В композиции «Меа culpa » (1997) представлен автопортрет женщины, своеобразно интерпретирующий и изменяющий религиозную иконографию. Наперекор христианским (и патриархальным) канонам, при соблюдении которых картины с изображением Св. Девы Марии (богоматери) излучают неиссякающее спокойствие и духовную гармонию, экспрессивная живопись Л. Каспутене выражает бесконечный трагизм материнской судьбы. В композиции она использует рентгеновские снимки больных детей, которые словно раны (стигмы?) разрушают непрерывность гладкой, плоской поверхности. Усеянная полостями фигура беременной женщины «покрывается трещинами». Она «лопается», разрушая целостность тела (человека, картины), раскрывая глубины аморфной темноты (бесформенности) чрева, а лицо, искаженное истерическим хохотом или неартикулируемым криком, выражает пропасть духовной и физической муки. Отрицая императив взгляда и контроль (и самоконтроль) тела, картина Л. Каспутене в итоге отрицает каноны изображения и женщины, и святой. Созданная ею мадонна для часовни в Ди (Die) принимает судьбу не столько (только) сердцем (чувствами), сколько чревом — всею своею телесностью, которая отрицает ограничения формы, взгляда, рационального знания. Осмысляя сокрытый от зрителя тайный автобиографический опыт, Л. Каспутене раскрывает синкретическое ощущение бытия, в котором образ матери (женщины) воплощает бытие, отрицающее границы жизни смерти.

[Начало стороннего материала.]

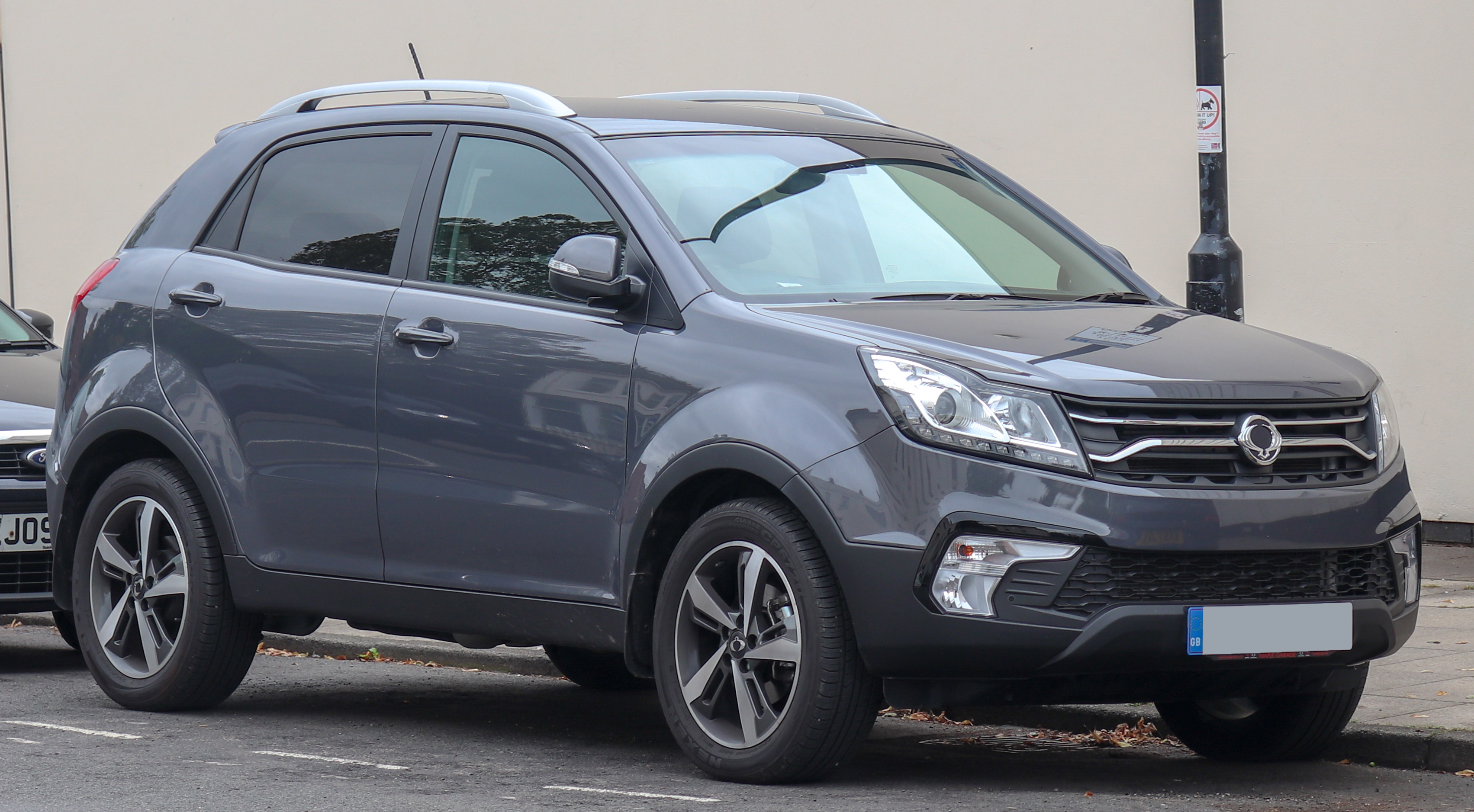 2018 SsangYong Korando ELX 4X4 2.2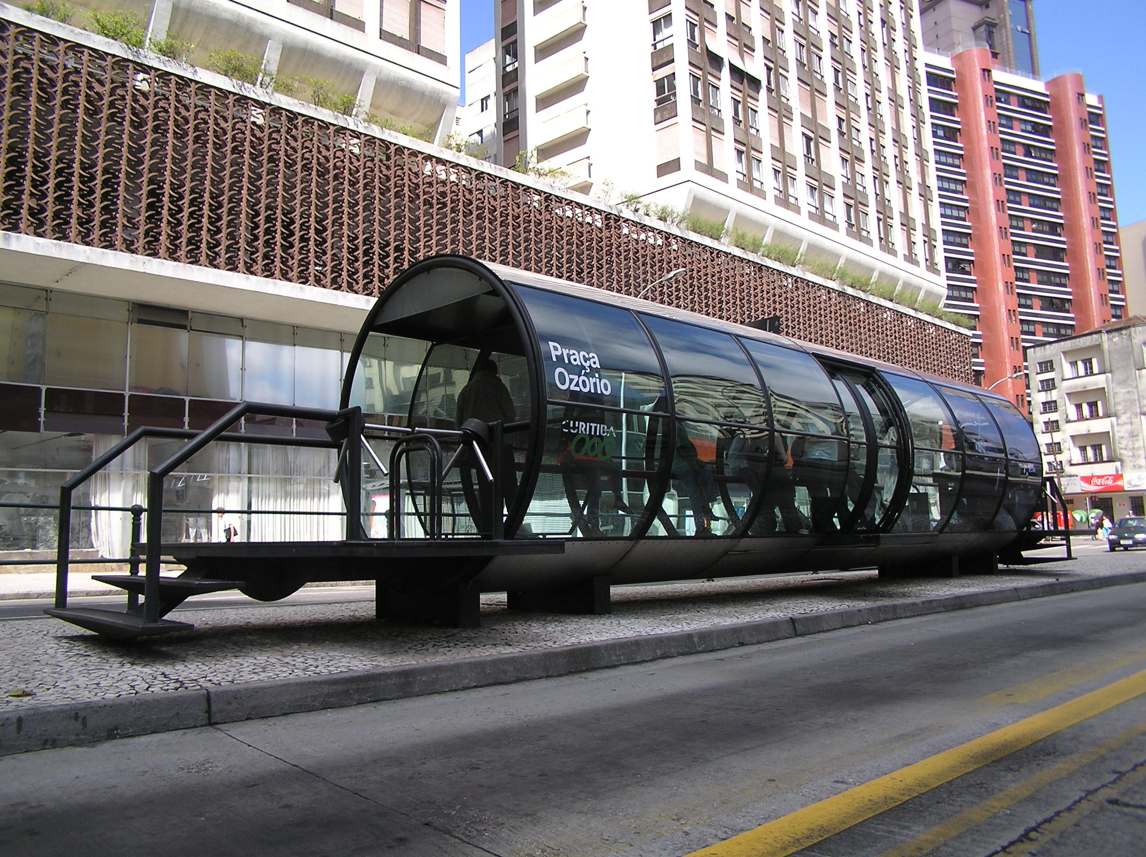 Bus Stops

Тема условности границ тела по-своему варьируется в творчестве Эгле Гинейтите (цикл «Спаривание», 1997) и Асты Растаускене (цикл «Тело», 2000). Их картины изображают превратности нахождения на полпути между формой и бесформенностью, становлением и дезинтеграцией. Художниц вдохновляет идея трансформации, которая передается через ощущение осязания, уничтожающего оппозиции «я/ другое», «внутреннее/внешнее». Они отказываются от красочности картин (важного, стимулирующего зрение фактора), ограничивая палитру сдержанной гаммой охры, черного и белого цвета. Поверхность холста покрывается щадящими, но энергичными мазками, намечающими контуры женского силуэта, которые сливаются с фоном, разжижаются и опять приобретают человеческий облик. Картины художниц наглядно иллюстрируют мысль Кристевой о том, что для утверждения женского тождества наиболее благоприятной является семиотическая (доязыковая) среда, в которой материнская чувственность еще не заглушена символическим порядком. «Я верю в силу слова, - писала А. Растаускене в аннотации к каталогу своей выставки, - однако когда ты балансируешь между утратой и обогащением, которые присутствуют в уходе за умирающей бабушкой и ожидании рождения дочери, общение происходит через прикосновение к пролежням уходящего тела и через их бинтование, через обмывание тела, уже находящегося на полпути между двумя мирами; или через поглаживание существа, находящегося в раздувшемся животе». Осмысляющее трансформацию женское тело становится точкой опоры для творчества художниц и связывает его содержательную форму с ощущением осязания. В произведениях Э. Гинейтите, Л. Каспутене, А. Растаускене тела раскалываются, раздваиваются, уничтожают демаркационные отметки и сливаются во взаимосвязи, воплощая безудержное изменение.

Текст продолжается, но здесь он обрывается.